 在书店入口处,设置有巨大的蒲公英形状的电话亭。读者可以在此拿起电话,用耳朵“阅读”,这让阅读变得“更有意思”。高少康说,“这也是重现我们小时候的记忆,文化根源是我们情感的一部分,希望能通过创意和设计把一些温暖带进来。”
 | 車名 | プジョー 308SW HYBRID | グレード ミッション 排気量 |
+ + + + + + +
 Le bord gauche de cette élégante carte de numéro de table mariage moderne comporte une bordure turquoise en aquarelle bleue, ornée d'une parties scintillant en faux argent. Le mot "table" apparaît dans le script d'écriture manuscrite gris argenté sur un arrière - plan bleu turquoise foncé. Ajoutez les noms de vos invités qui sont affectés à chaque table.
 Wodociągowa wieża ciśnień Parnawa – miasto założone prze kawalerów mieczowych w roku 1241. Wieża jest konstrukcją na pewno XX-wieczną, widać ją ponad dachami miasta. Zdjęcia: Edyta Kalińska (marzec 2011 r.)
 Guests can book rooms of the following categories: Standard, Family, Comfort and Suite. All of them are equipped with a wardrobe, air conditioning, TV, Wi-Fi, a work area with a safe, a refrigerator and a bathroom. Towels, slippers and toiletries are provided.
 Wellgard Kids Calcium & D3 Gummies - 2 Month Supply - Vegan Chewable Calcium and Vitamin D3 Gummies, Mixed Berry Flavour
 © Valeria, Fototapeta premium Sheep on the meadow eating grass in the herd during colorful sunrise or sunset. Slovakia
+ + + + + + +
### [What you need to do]
Exactly the lines above from the one with "在书店入口处,设置有巨大的蒲" to the one with "ミッション 排気量 |", both included, are to be quoted; leave the rest out.

### [Answer space]
 在书店入口处,设置有巨大的蒲公英形状的电话亭。读者可以在此拿起电话,用耳朵“阅读”,这让阅读变得“更有意思”。高少康说,“这也是重现我们小时候的记忆,文化根源是我们情感的一部分,希望能通过创意和设计把一些温暖带进来。”
 | 車名 | プジョー 308SW HYBRID | グレード ミッション 排気量 |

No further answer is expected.